According to the telecom watchdog, mobile companies will have to abolish hidden charges and penalties, and make it very quick to transfer numbers to new networks.

“Ofcom receives a large number of complaints about the difficulties experienced by consumers trying to exit their communications service contract,” explained Ofcom.

It added: “Taken together, these suggest that communications providers are systematically making it difficult for customers to exit their contract. We consider that this allegation is extremely serious, and, if sustained, may result in significant consumer harm within the market for UK communications goods and services.”

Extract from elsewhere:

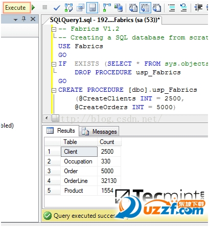 下一步,点击“New Query”打开一个新的查询窗口,然后将来自Codeproject.com的 Fabrics数据库脚本的内容插入到查询窗口,然后单击执行。如果成功,您将看到该脚本创建的5个表和每个表的记录的数量: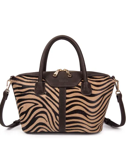 Julya Fur Einkaufstasche im Zebra-Design, 34 x 27 x 16 cm, beige

BT, EE, Sky, and TalkTalk are all affected by the new change, although Virgin Media is not included in the broadband reform.


June 11, 2015, 11:30 pm

Why is Virgin exempt. That's unfair and unreasonable as Virgins cable does fail to and is often hit by extended work in areas for as much as 4 months and maybe more which means major slow down and frequent loss of connection.

Charlie Moritz

June 12, 2015, 12:35 am

Yeah why should Virgin be exempt? I was on Virgin Media when I lived in the UK and they can have some serious internet problems!

Penny L Adams

August 26, 2015, 6:55 am

Great news. People should have the freedom to switch between service
providers without paying any penalties. Some developing countries such
as India has rules called mobile number portability which allows the
user to choose between service providers without changing their mobile
number. This service is completely free and users can switch to a
different network within two weeks. Here in Canada we also have such
service called wireless portability. But switching between broadband
service providers is not easy as that of wireless portability. I have
been using the wireless broadband service of ABC Communications from the
past 5 years.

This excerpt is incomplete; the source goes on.